Now include resolution:

<wiki>
[[table style="some styling"]]
[[row style="some styling"]]
[[cell style="some styling"]]
Header 1
[[/cell]]
[[cell style="some styling"]]
Header 2
[[/cell]]
[[/row]]
[[row]]
[[cell style="some other styling"]]
Item:
[[/cell]]
[[cell style="item-styling"]]

</wiki>

Item 1

<wiki>
[[/cell]]
[[/row]]
[[row]]
[[cell style="some other styling"]]
Item:
[[/cell]]
[[cell style="item-styling"]]
</wiki>

Item 2

<wiki>
[[/cell]]
[[/row]]
[[row]]
[[cell style="some other styling"]]
Item:
[[/cell]]
[[cell style="item-styling"]]
</wiki>

Item 3

<wiki>
[[/cell]]
[[/row]]
[[row]]
[[cell style="some other styling"]]
Item:
[[/cell]]
[[cell style="item-styling"]]
</wiki>

Item 4

<wiki>
[[/cell]]
[[/row]]
[[/table]]
</wiki>

Apply rules:

<table style="some styling">
<tr style="some styling">
<td style="some styling">
Header 1
</td>
<td style="some styling">
Header 2
</td>
</tr>
<tr>
<td style="some other styling">
Item:
</td>
<td style="item-styling">

Item 1

</td>
</tr>
<tr>
<td style="some other styling">
Item:
</td>
<td style="item-styling">

Item 2

</td>
</tr>
<tr>
<td style="some other styling">
Item:
</td>
<td style="item-styling">

Item 3

</td>
</tr>
<tr>
<td style="some other styling">
Item:
</td>
<td style="item-styling">

Item 4

</td>
</tr>
</table>

Nice, it works.

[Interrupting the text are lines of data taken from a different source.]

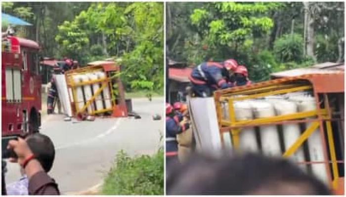 തിരുവനന്തപുരത്ത് സിഎൻജി ഗ്യാസ് ലോറി മറിഞ്ഞ് അപകടം; ഗ്യാസ് ചോർച്ച മൂലം വാഹന ഗതാഗതത്തിൽ നിയന്ത്രണം
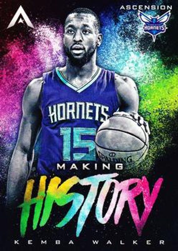 The Kemba Walker 2017 Ascension #MH21 Making History card is 1 of 11 Kemba Walker's card variations in the 2017 Ascension set being tracked by Sports Card Investor, including Base, Blue /125, Red /75, Green /25, and Black /1.
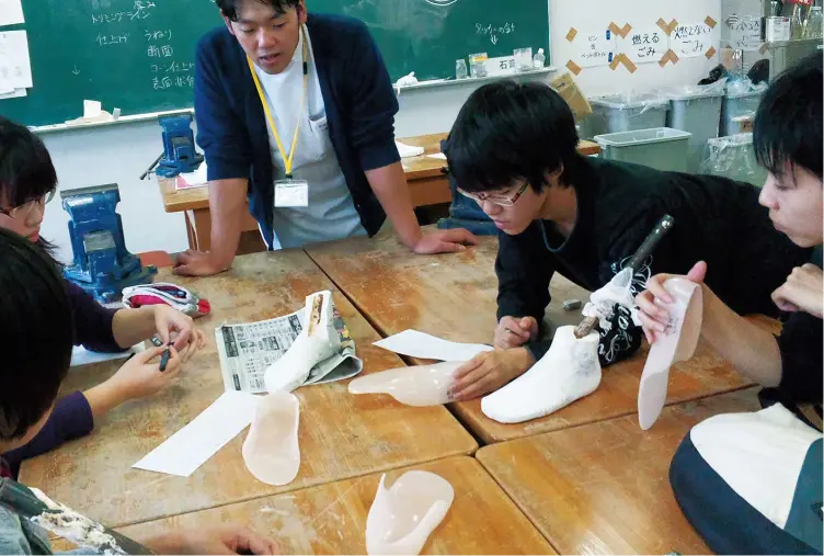 学生同士で身体の型を取り、装具の製作を体験します。装具に必要な機能と、それを満たすにはどのような構造にすればいいのか、製作を通して学びます。
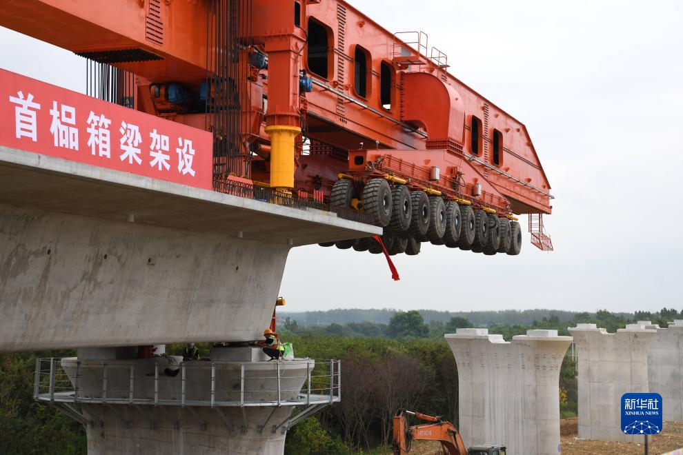 這是中國鐵建大橋局新建滬寧合高鐵全線(xiàn)首榀箱梁架設現場(chǎng)(8月27日攝)。
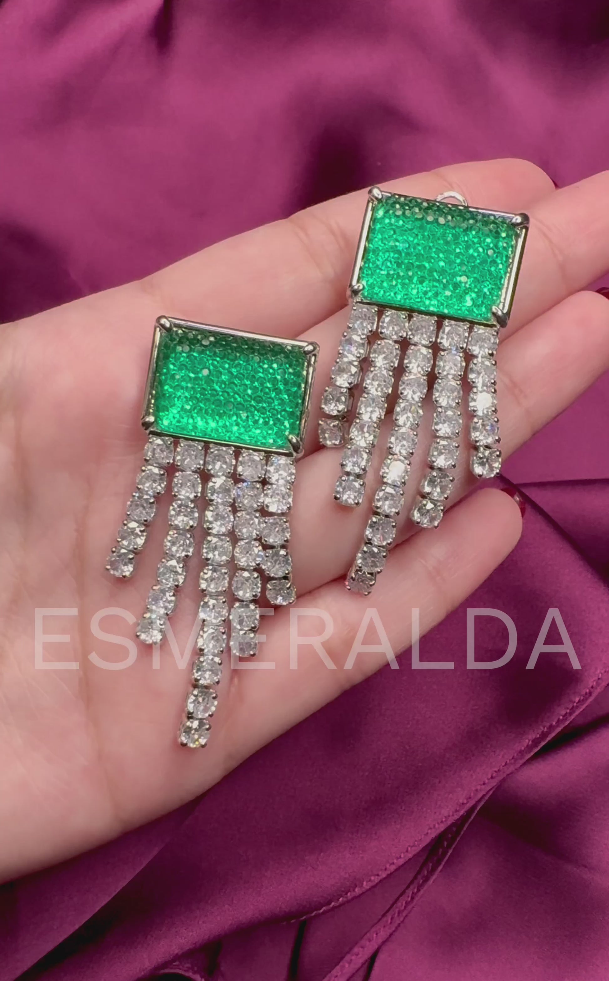 Meet our Luxe Bianca Earrings – the epitome of elegance and sparkle! 💎✨ With mesmerizing emerald hued stone and dazzling zircons, these beauties are ready to steal the spotlight. Let them sway and sparkle with every step you take, because who says you can’t be the center of attention?
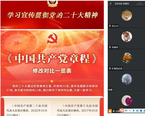 为深入贯彻党的二十大精神,2022年12月19日晚上7:30,bv伟德中国官方网站教工第一党支部于组织腾讯会议支部书记专题党课,学习《中国共产党章程》。会议由支部书记田慧芳领学。
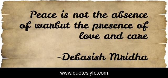 This page presents the quote "Peace is not the absence of warbut the presence of love and care". Author of this quote is Debasish Mridha. This quote is about life, love, knowledge, inspirational, intelligence, philosophy, wisdom, quotes, affection,.
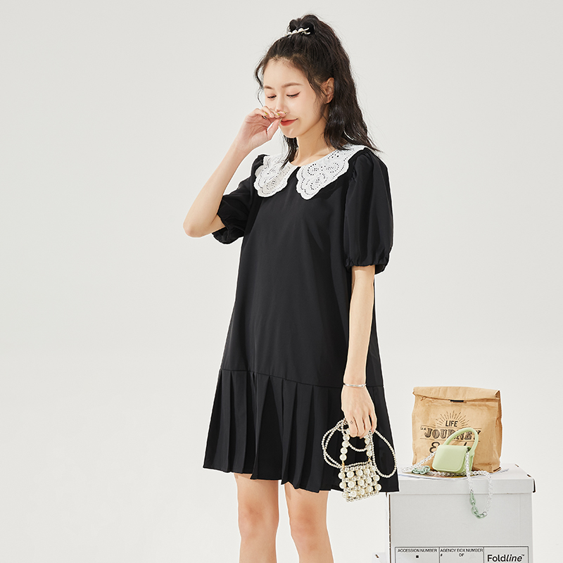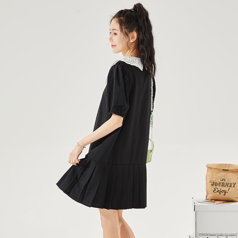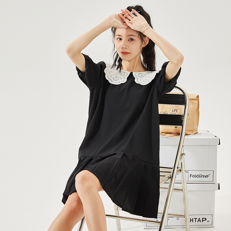 小黑裙百褶宽松裙子潮 学院风短款 唐狮娃娃领连衣裙夏季 女新款

But we needed to parse things that start and stop in different <wiki> sections. OK, a thing to remember when writing the parser.

Let's see another thing.

[[module ListPages author="@URL"]]
* %%title_linked%% by [/pagename/author/%%author%% %%author%%]
[[/module]]

This lists pages by everyone or by author passed by URL. In the ListPages we want to pass %%author%% as a part of the link. Assume the author is "James Kanjo":

Now it works like this, after symbol replacement:

[[module ListPages author="@URL"]]
* %%title%% by [/pagename/author/James Kanjo James Kanjo]
[[/module]]

And then the link to /pagename/author/James is created with text "Kanjo James Kanjo". Which is not good.

Let's see how it could work in the proposed parser:

<wiki>
[[module ListPages author="@URL"]]
* %%title%% by [/pagename/author/%%author%% %%author%%]
[[/module]]
</wiki>

Then:

<module name="ListPages">
  <param name="author"><wiki>@URL</wiki></param>
  <body-as-wiki>
* %%title%% by [/pagename/author/%%author%% %%author%%]
  </body-as-wiki>
</module>

(Indentation added only for clarity.)

Then let's go into ListPages module parsing pass for one particular page with %%author%% = James Kanjo and %%title%% = Great page.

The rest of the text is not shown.